Be wary of marketing terms like super bright.  I won't buy an LED unless it specifies the output in lumens or an equivalent.  Newer LED's  are typically running at more than 100 lumens/watt so wattage is another indicator.  White LED's run at around 3.5 volts so 3.5 x the amps gives you watts.  Some vendors will give the absolute maximum current/wattage/lumens as a spec and can be many times the recommended operating conditions.  Excessive driving conditions will shorten the the life significantly.  Running to the max usually requires thermal management as well.

As to actual selection of LED's, I look at specs for various families.  Data sheets are usually available on line from the manufacturer.  Then I shop by part number.  Cree and Philips Lumileds are two manufacturers that I have used.  Future Electronics and, LED Supply are two vendors that I have used.
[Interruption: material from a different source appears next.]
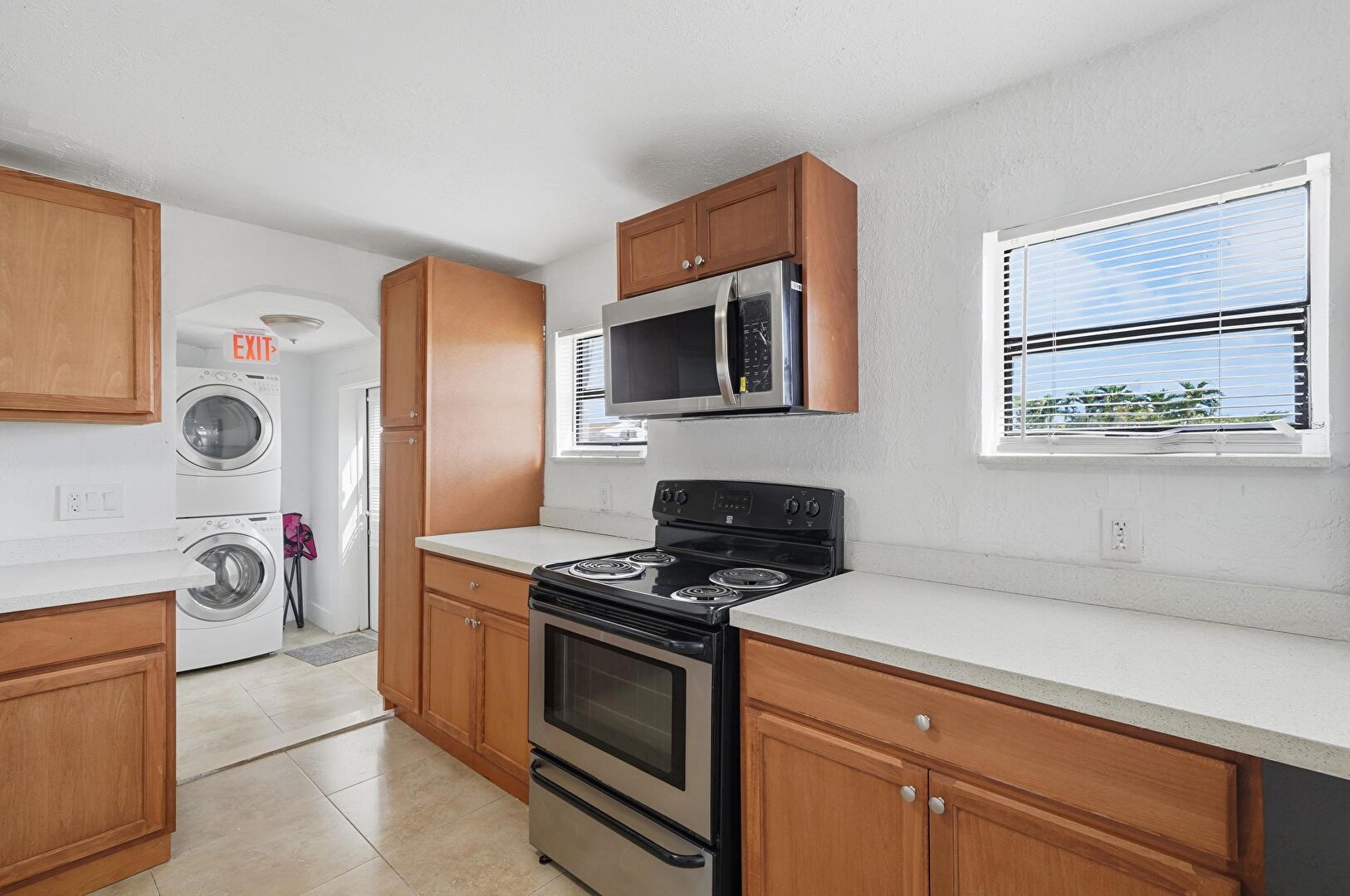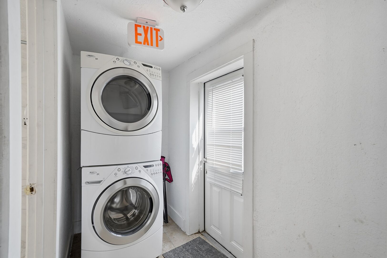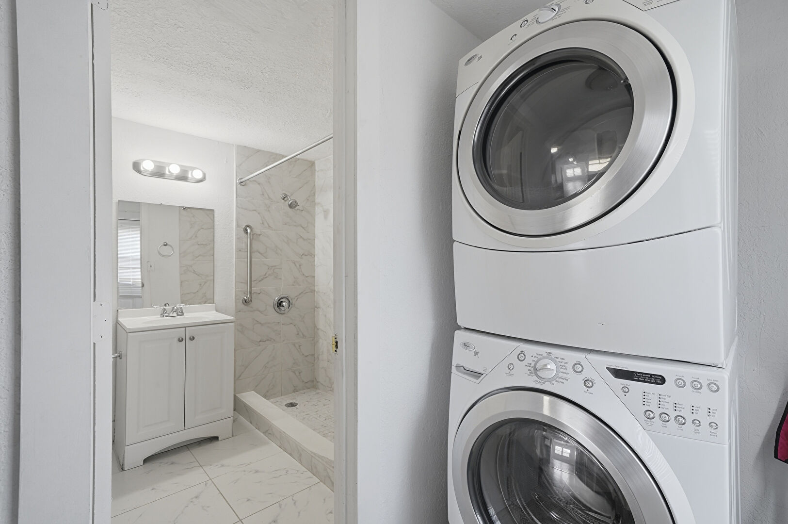 Baseboards Wall, Drywall, Laundry, Marble Finish Floor, Natural Light, Textured Ceiling, Tile Floor, Arched Walkways, Laundry

						Electronic Components Distributor | Future Electronics
					

Global electronic components distributor with huge inventory of in stock and same day ready to ship electronic components.




					www.futureelectronics.com
				







__





						LEDSupply - For All Your LED Project Needs!
					





					www.ledsupply.com


----------



## mattthemuppet2 (May 26, 2021)

second question is "what's the project?". That has a huge say in what LED you would want to use.


----------



## homebrewed (May 26, 2021)

If not heat-sunk properly high-output LEDs can get very hot, which can greatly reduce their operating life.  IIRC, they also are less efficient at high temperatures.  The data sheet for the LED should have thermal info for that device.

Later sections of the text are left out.